I guess humility is no longer considered one of the Christian virtues.

2 Comments:

At 8:01 PM, Blogger Just Things said...

While I can freely admit there is some strange enigma attached to homosexuality for which I can find no reason - logical or scriptural or otherwise for that matter, I do not believe that homosexuality is something ordained by God.

I've called quite a few people to task on may issues in the word where I have felt led to do so - one of these issues would the capital punishment. They didn't just kill murderers in the old testament, they killed witches and people who had sex with animals. I don't see us going around and killing them also...

But I digress...

It is not my place to tell anyone "about themselves" unless it is a personal moment and I feel led to discuss something with someone.

The bottom line is that we work out our own salvation with God. As far as that goes - I would give the same advice I was given (and very profound advice it was) - take no one's word or interpretation of the word at face value. Get in the bible and study it for yourself.

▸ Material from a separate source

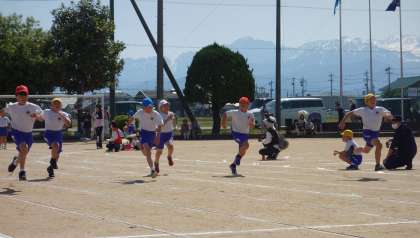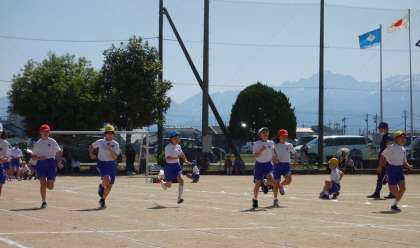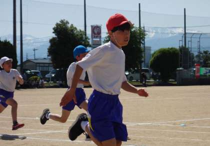 80m走を走る5年生の様子です。全員、自分の力を出し切って走ることができました。

If you are called to use the word and you have in fact studied it yourself, they you will know that you know that you know where if you are leaning on someone else's teaching, there is always room for doubt.

 
At 8:40 AM, Blogger Lori Heine said...

Thanks for some intelligent and respectful input. I do not agree with you that homosexuality was not ordained by God, as it shows up in a small but significant percentage of the population, has over all the centuries of recorded time, and is -- and I know not only myself but a great many other people in whom I can confidently state this -- not chosen. Moreover, it is idiotic to think that it would be chosen, when it has almost always been persecuted as it has been.

Unless God is a sadistic monster (and as a Christian, I cannot believe so), then God would not will misery upon a significant portion of His creation. Straights are well aware that homosexuality is a created trait. Heck, when they're not on their guard, they even joke about how easy it sometimes is to "tell one." This stereotyping can, indeed, be overdone and is sometimes wrong, yet anyone who knows very many gay folks can tell you there is indeed a creational element to their being (which makes sense, as nobody but God is in the business of creating people).

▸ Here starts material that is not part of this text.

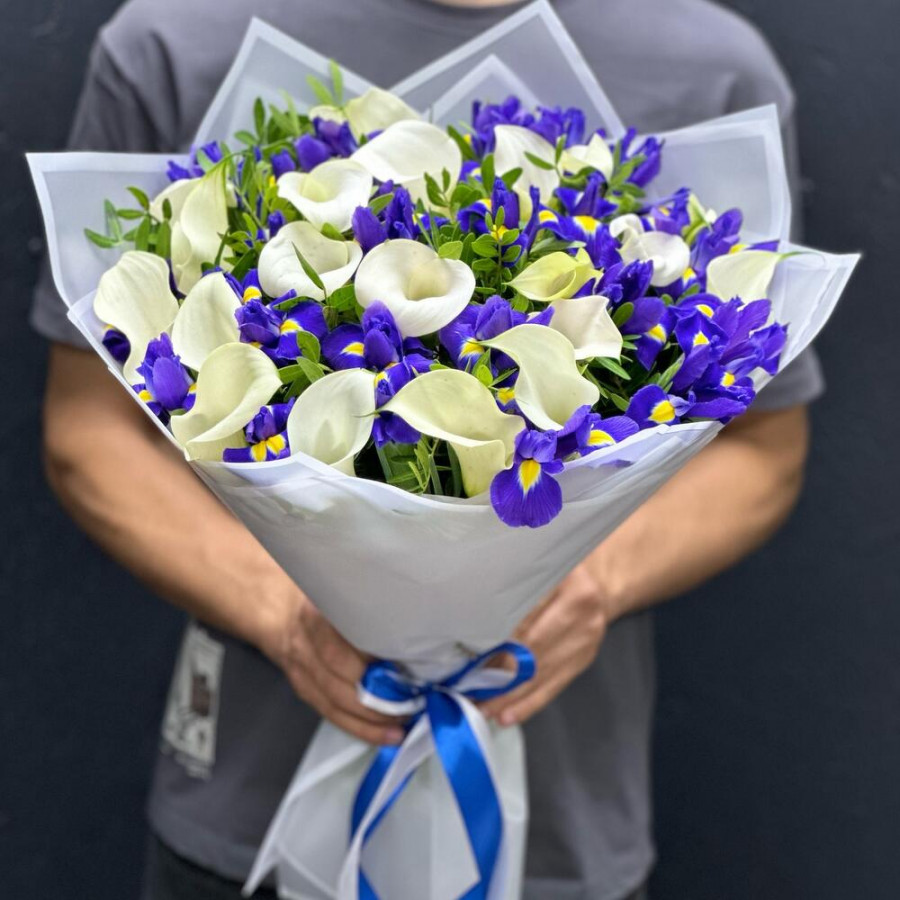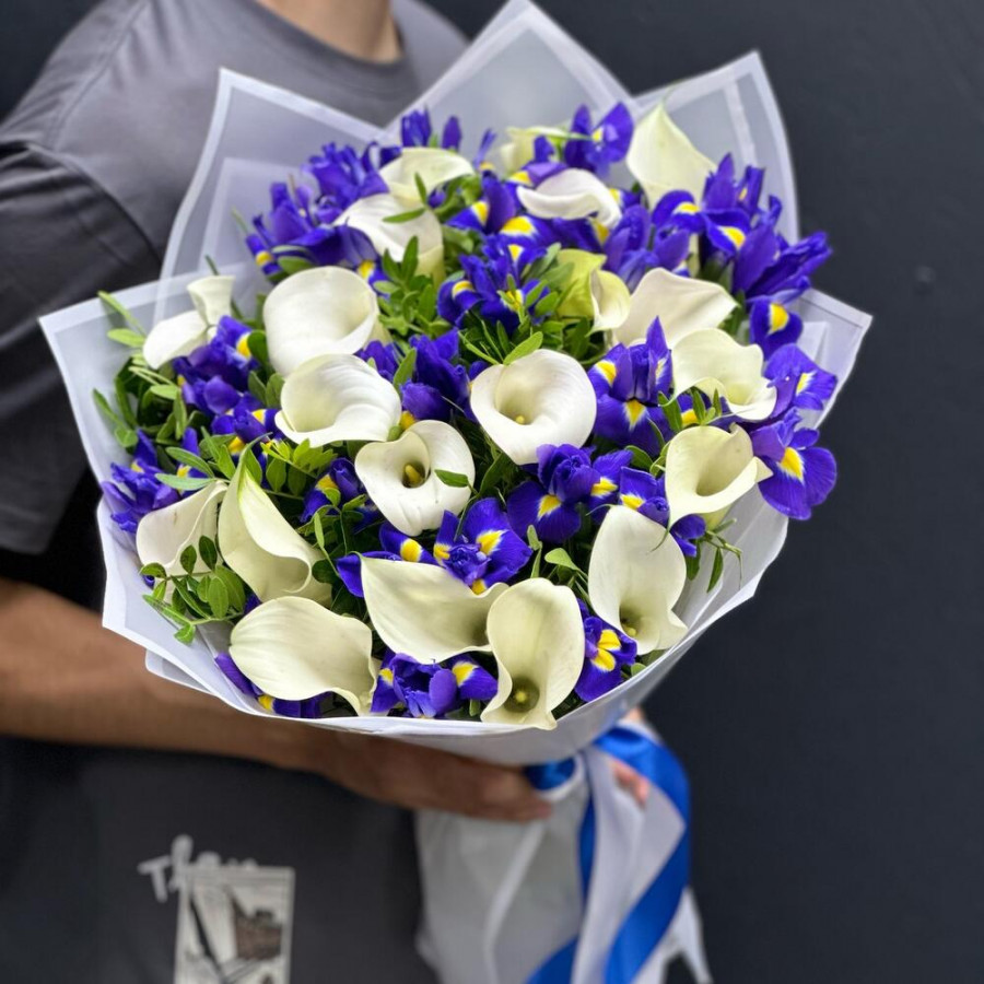 На фото букет из белых калл и синих ирисов. В составе: калла 19 шт, ирис 20 шт, писташ 9 шт, дизайнерская упаковка 3 шт, атласная лента 1 шт, . Все цветы свежие и ароматные, букет красиво оформлен и отлично подходит для подарка. Доступна доставка цветов или самовывоз.

I don't know what you mean by saying there's any "enigma" attached to it. I would say a "stigma" was more like it, and this is what I mean. As marriage has traditionally usually been seen as a matter of male ownership of women and children, in a heavily male-dominated society, it is not at all hard to see what the reason has been.

Marriage for love, as I have often stated in this Blog, is the real reason for the decline of marriage and the family as stable institutions. I will consider you, or any heterosexual, credible in criticizing it when I see you leading the way to abolish marriage for love and bring back marriage by arrangement.

Many foes of gay rights automatically assume gay Christians can't know the Bible because it makes them feel better to think so. My general experience with anti-gay Christians is that very few of them have more than a passing and very parasitic knowledge of Scripture.

It is good to see that you, at least, acknowledge that you can't presume to know how well I do or do not know the Bible, and exhort me to be sure I know it.

I refuse to debate gay rights, anymore, with people who rig the argument by assuming they can condescend to me. (My rights and my humanity are debatable, but theirs are somehow not.) Anyone who wants to argue human rights, in general, with another person (particularly when they approach the discussion with the assumption that this other person's rights are more debatable than their own), needs to have the guts to put their own rights on the table for debate, as well.

That is what I try to do on this Blog. Several posts ago, a couple of people got themselves very righteously indignant because I dared -- gasp!!! -- DARED to suggest, in effect, that their rights (and their virtue) might fairly be subject to as much debate as mine.

There's a reason why humility has traditionally been considered a Christian virtue. From your comments here, you would seem to be one of the rare Christians left who understands this.